:: Directions ::
Output the data in full. Keep every word exact and exclude the pictures.

:: Data excerpt ::

________________________________________

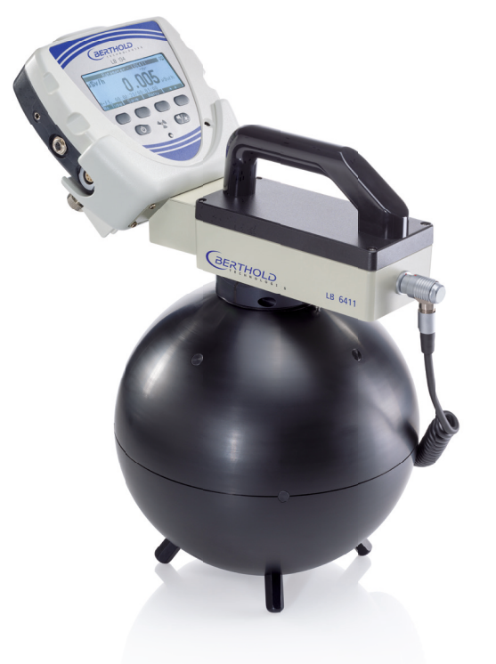
Figure 2: Mobile measurement setup of LB 134 UMo II connected to LB 6411 Neutron Dose Rate Probe.

The LB 134 performs its task as a dose and dose rate meter excellently in gamma, X-ray and neutron radiation fields. This is why the UMo II is a reliable partner for quick detection of any increase in dose rate at the workplace.
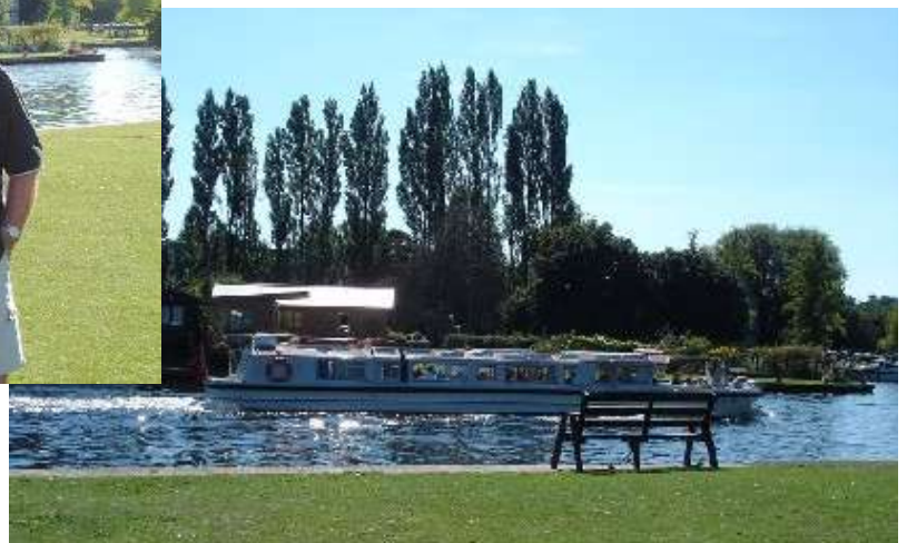
The easy life at Henley.

________________________________________

:: Response area ::
Figure 2: Mobile measurement setup of LB 134 UMo II connected to LB 6411 Neutron Dose Rate Probe.

The LB 134 performs its task as a dose and dose rate meter excellently in gamma, X-ray and neutron radiation fields. This is why the UMo II is a reliable partner for quick detection of any increase in dose rate at the workplace.
The easy life at Henley.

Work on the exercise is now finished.